Terça-feira, Março 12th, 2013

Não duvide das verdades de seu coração.

Sinceramente estamos todos assustados com a volta do inverno, prá não dizer decepcionados… a última semana foi muito ensolarada e nos banhamos numa temperatura muito agradável de até 12 graus. Hoje lá fora se pode facilmente congelar ou pegar uma pneumonia. Os campos, as flores que despontavam nos jardins – entre elas as Tulipas e  os sininhos de neve” estão cobertos por uma boa camada de neve. As crianςas estão felizes por poderem ficar em casa, pois os ônibus escolares não estão circulando nesta manhã, talvez não haja mais sal para facilitar e assegurar o trânsito. Sim, o inverno parece interminável. No entanto para nós humanos ainda é tudo facilmente suportável e se reclamamos é por puro tédio, não temos realmente motivo para lamúrias. Já para os animais este contratempo é lamentável, sobretudo para as aves migratórias, as quais estão voltando de seus refúgios no sul e viajando para o norte, onde procriam.

Na última semana pude ainda observar  no nosso céu azul mais um bando de Kraniche/ Grou atravessando a vila e me fascinei mais uma vez com o som que emitem – o que para mim significa uma música linda, a música da primavera e a formaςão em V que utilizam para voar através de grande distâncias. O significado desta formação ouvi há anos atrás quando ainda trabalhava na SRE de Itajubá. Em uma daquelas muitas reuniões minha chefe leu um texto sobre as aves migratórias e a formação V. Fiquei impressionada e sensibilizada com mais este fascínio e sabedoria que impregna a Natureza. Atualmente tenho o privilegio de observar estas aves e a formaςão que utilizam nas suas grandes viagens. Esta formação trata-se da sobrevivência dos animais mais frágeis. Para que todo o bando possa atravessar com vida as interpéries de uma longa viagem os pássaros mais fortes compõem a ponta do V, freando assim de certa forma o vento para os pássaros mais frágeis, os quais então despendem muito menos energia durante o vôo tendo possibilidade de sobreviverem à trajetória. Fascinante também é o fato de que os pássaros que voam na ponta se revesam nas posições estratégicas, assim eles garantem a todos uma possibilidade de reabastecimento de energia. Não é lindo? Penso agora em como nós humanos poderíamos aprender tanto mais com os fênomenos naturais se tívessemos a calma e a humildade para observá-los, compreendê-los, aceitá-los, imitá-los.

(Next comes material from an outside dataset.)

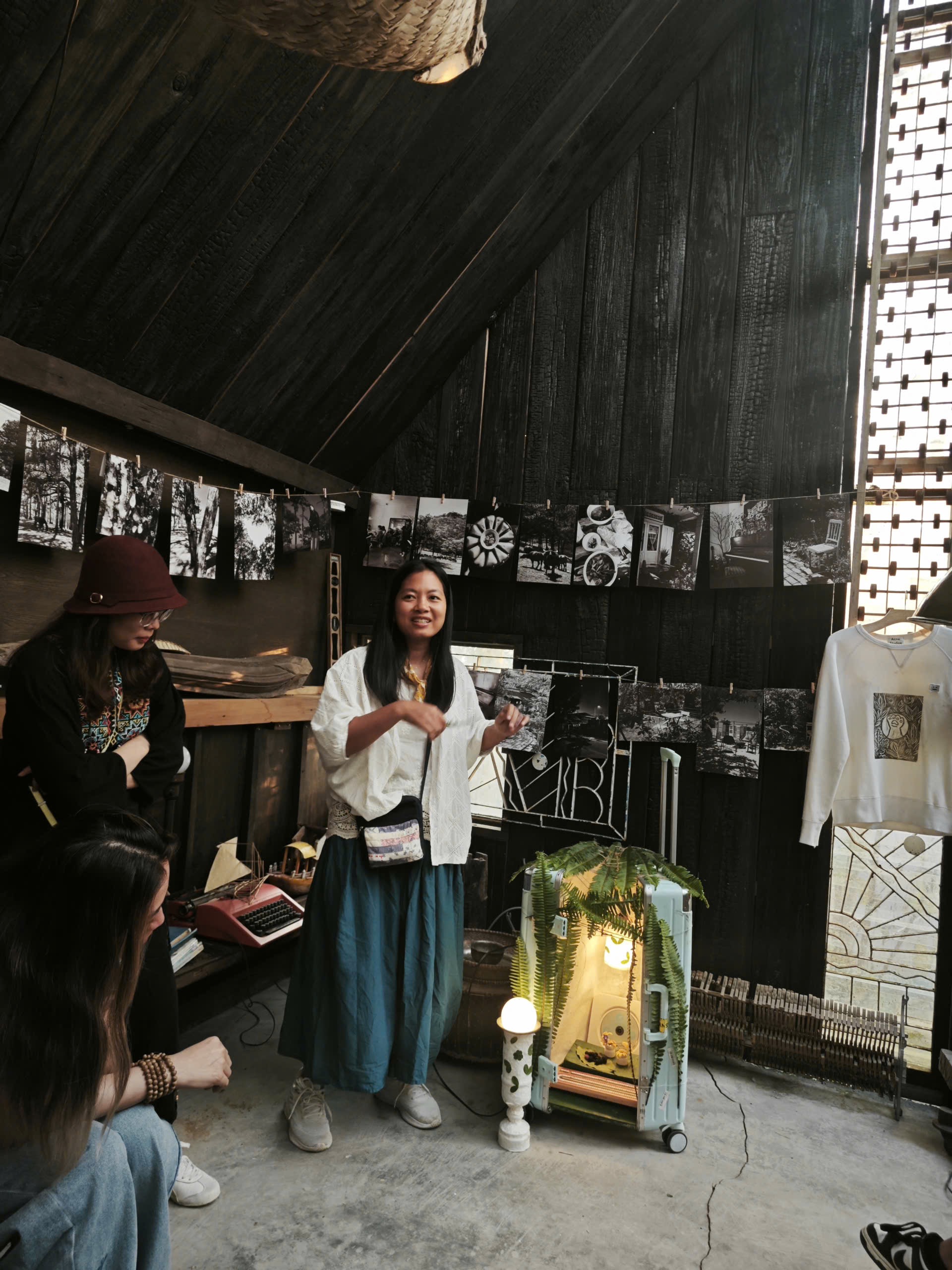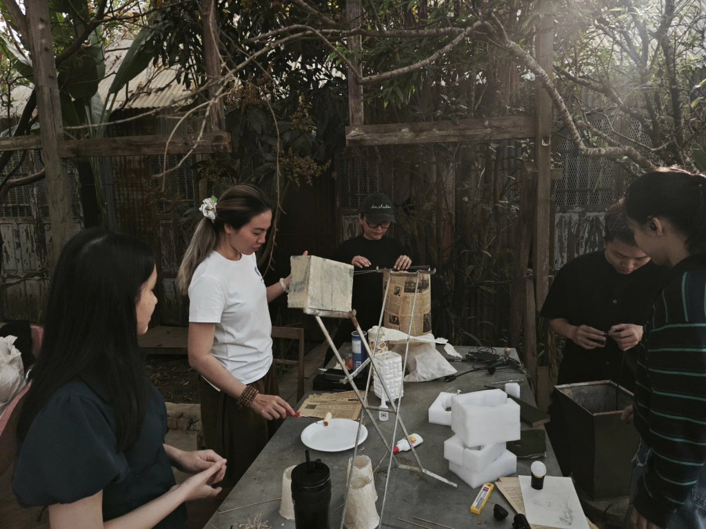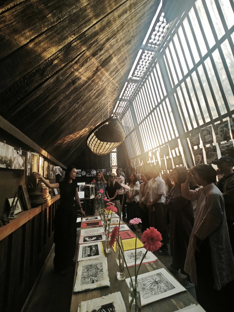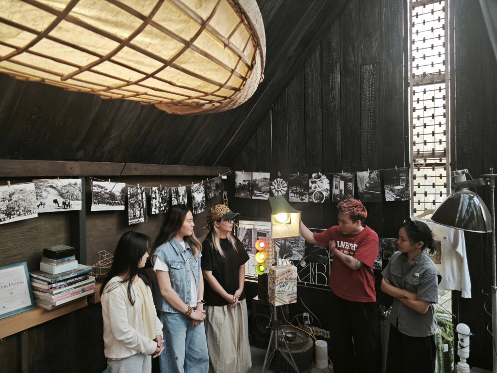 Buổi sáng cuối cùng, cả trại tất bật — làm đèn cho kịp trưng bày, hoàn thiện bản khắc gỗ, in ảnh ra để treo. Vừa hối hả vừa có một nỗi buồn nhẹ vì đã chuẩn bị chia tay nhau. Tôi ra đi khi ngày còn chưa đủ sáng, để lại chiếc đèn vali ở góc Nhà của Tre, và không kịp ở lại buổi showcase chiều hôm đó.

Hoje estou pensando ainda mais sobre aves migratórias, apesar de não ter nehuma possibilidade de observá-las. No conforto egoísta do apartamento quente, janelas e portas vedadas, uma xícara de café do lado e  lendo o jornal regional observei num pequeno quadrado no lado direito de uma de suas páginas o título “Keine Sicht für Kraniche/ Nenhuma visão para Grou, ou seja, as aves- em função de neblina densa – perderam a orientaςão das estrelas e tiveram que fazer pouso forςado na região de Thüringen. Grande parte delas voaram muito baixo na área próxima ao parque nacional em Heyerode. Outras delas pousaram, sem mais  forςas para voar, sobre  ruas asfaltadas e outras ainda se atropelaram com as casas, algumas delas foram  atropeladas por carros. Infelizmente Elas  também foram surpreendidos pelo ar gelado”.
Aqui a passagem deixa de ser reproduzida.